Pink Floyd left the '70s in a familiar spot: perched at the top of the charts.

The Wall was released in the final weeks of 1979 and would soon become the band's third No. 1 album. The single "Another Brick in the Wall Part II" was also on its way to No. 1. By the time The Final Cut arrived in 1983, the band was basically a solo vehicle for Roger Waters, who eventually left two years later.

Guitarist David Gilmour, drummer Nick Mason and keyboardist Richard Wright regrouped with The Wall co-producer Bob Ezrin for 1987's A Momentary Lapse of Reason, kicking off a new era for Pink Floyd – one that revealed a steadfast determination to move forward following Waters' departure, and yielded two more No. 1 albums and a run of successful tours before they finally called it a day in 2014.

This post-Waters era is collected on The Later Years, a 16-disc box of remixed albums, concert recordings, unreleased tracks and videos. It's a period in which the band moved into arena rock, something that had been tentatively approached earlier but held at bay by Waters' insistence that Pink Floyd had little to do with that scene.

He had a point. Earlier albums like The Piper at the Gates of Dawn and A Saucerful of Secrets through world-conquering LPs The Dark Side of the Moon and Wish You Were Here didn't sound like what rock music was supposed to sound like, and later set a template for what rock music sounded like going forward. A Momentary Lapse of Reason and 1994's The Division Bell are somewhat faceless in comparison.

Unlike 2016's exemplary The Early Years 1965-1972 box, The Later Years doesn't offer much in unreleased material. There are some unfinished leftover tracks from The Division Bell and concerts from 1989 and 1990, but the focus here is on the new 5.1 remixes of the studio albums and the live records Delicate Sound of Thunder and Pulse, plus Blu-rays featuring live tracks and documentaries. It doesn't have the deep sense of excavation that made the earlier set so essential; rather The Later Years seems to be a summation of the band's final chapter, mostly onstage.

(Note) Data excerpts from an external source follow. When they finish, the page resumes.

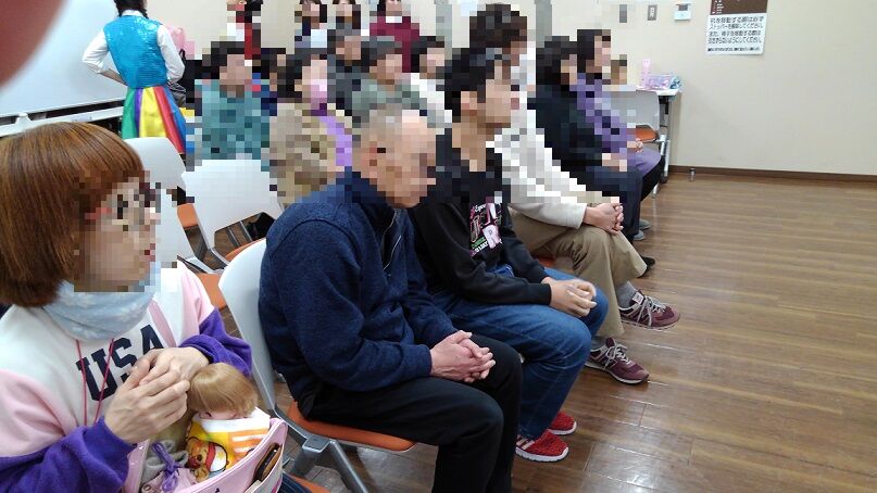 踊りを見て、拍手や喝采を送る参加者の皆さん。大喜びで職員も一緒にはしゃいでいます。
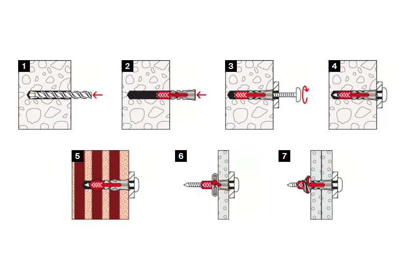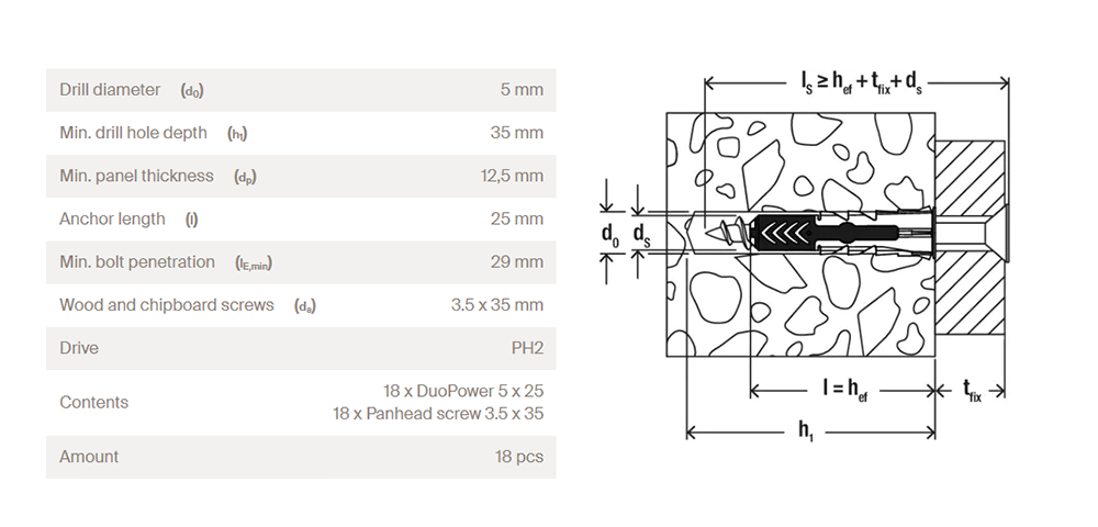 • Večja sidrna globina modelov DuoPower 6 x 50, 8 x 65 in 10 x 80 omogoča uporabo v votlih gradbenih materialih, poroznem betonu in za premostitev ometa.
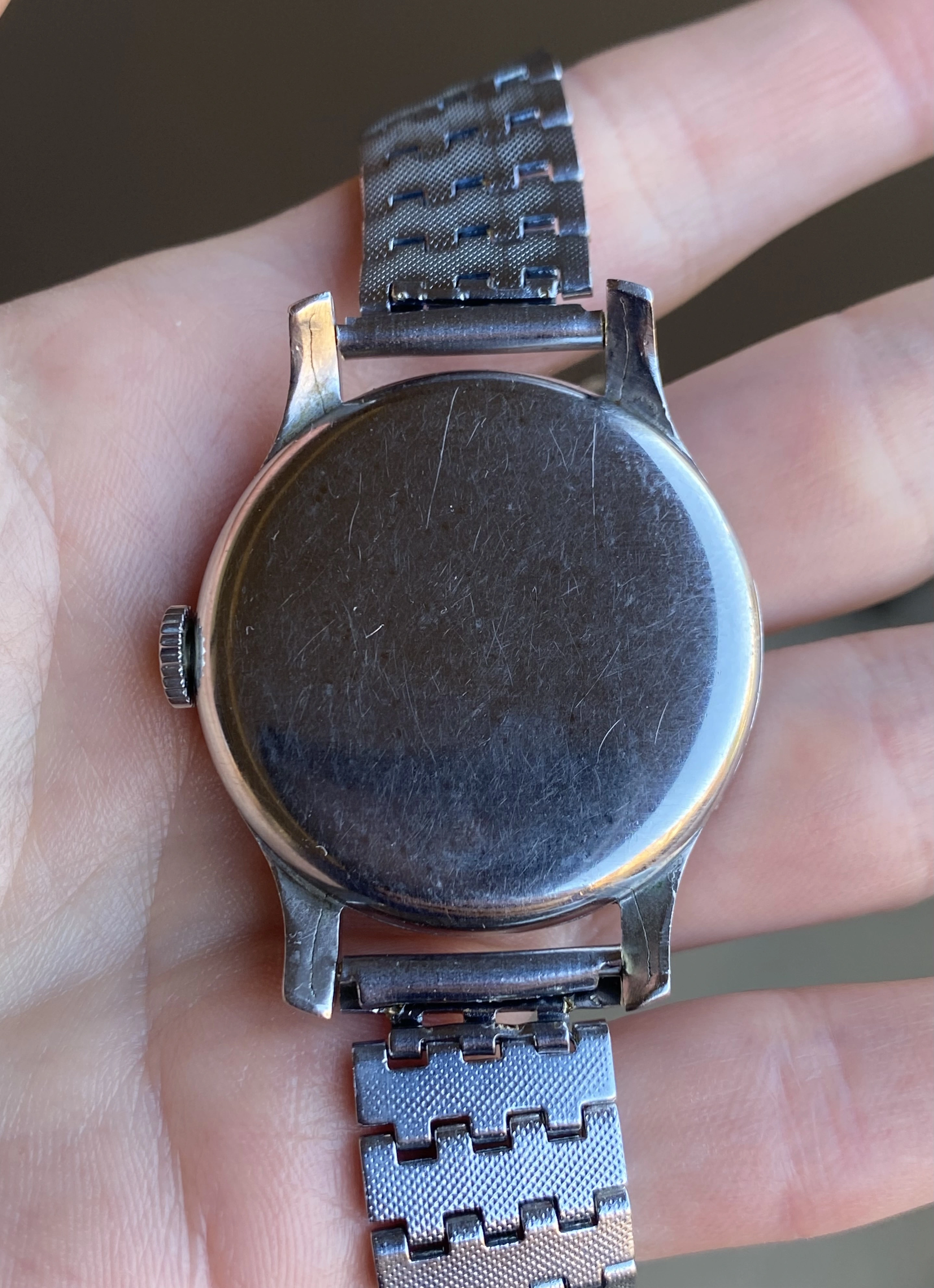Dial: Original, non-refinished dial is a unique, original copper color and features glossy silver Roman numerals and a Suiza signature. Suiza indicates delivery to South America, which is reinforced by the archive info. The dial has fairly even patina with some minor marks and discoloration, the most significant being degradation around the outside of the dial that isn’t very noticeable. Features oxidized silver stick hands to match the numerals.
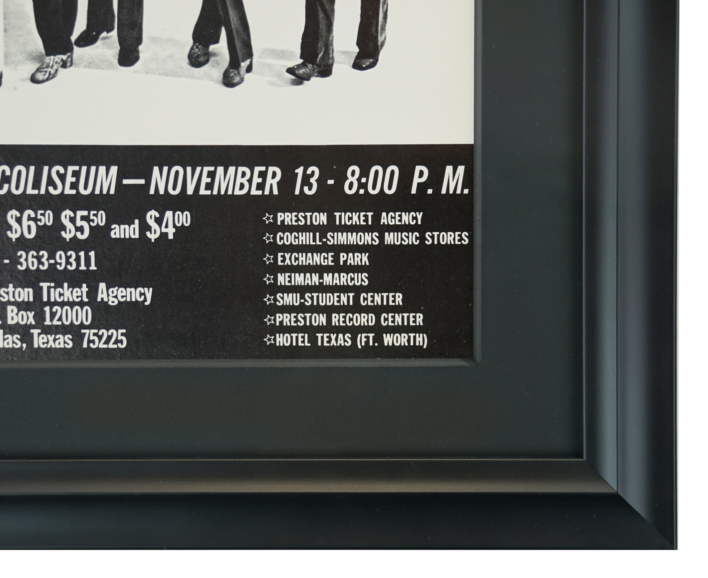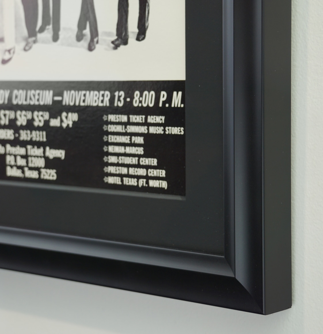 This small sized Rolling Stones poster from Texas advertises a concert appearance at the Southern Methodist University's Moody Coliseum in Dallas on November 13th 1969. Opening acts were Terry Reid (Jimmy Page's first choice for singer in Led Zeppelin) and Chuck Berry but they were not listed on this Concerts West poster. Although Brian Jones appears on the poster, he had passed away on July 3rd, several months before the show took place.. It was part of the band's legendary November 1969 American Tour which ended with the disaster at Altamont.  The poster is on thin paper and so has been backed with archival linen.

Still, it's an important part of Floyd's history, and a surveying of the massive concerts that marked this period is summarily huge. The group was often relying on Waters-era material for its sets – "Shine on You Crazy Diamond, Parts 1-5," "Time" and "Comfortably Numb" remained – while top-loading the shows with newer cuts like "Learning to Fly" and "On the Turning Away." It's an even balance, but you can instantly tell where fans' legions lie.

Pink Floyd were basically a different band during these years, a less-adventurous unit that was content to fill those arenas and play those rafters-shaking solos Waters was so wary of. That makes the music less interesting and their intentions during this period a bit suspect. But then again, Waters was always the one who had a problem being famous. The other guys merely embraced this by-product – which, let's face it, was a part of them ever since The Dark Side of the Moon took Pink Floyd to a whole other stratosphere – when the opportunity arose.

The Later Years makes no excuses or apologies, and it doesn't have to. Pink Floyd were a good band in the '80s and '90s; just listen to the expertise with which they pull off the 1990 Knebworth concert here. There's a tightness to this version of the group that wasn't there before. In the end, they went out respectably and, more or less, on their own terms. How many of their peers can say that?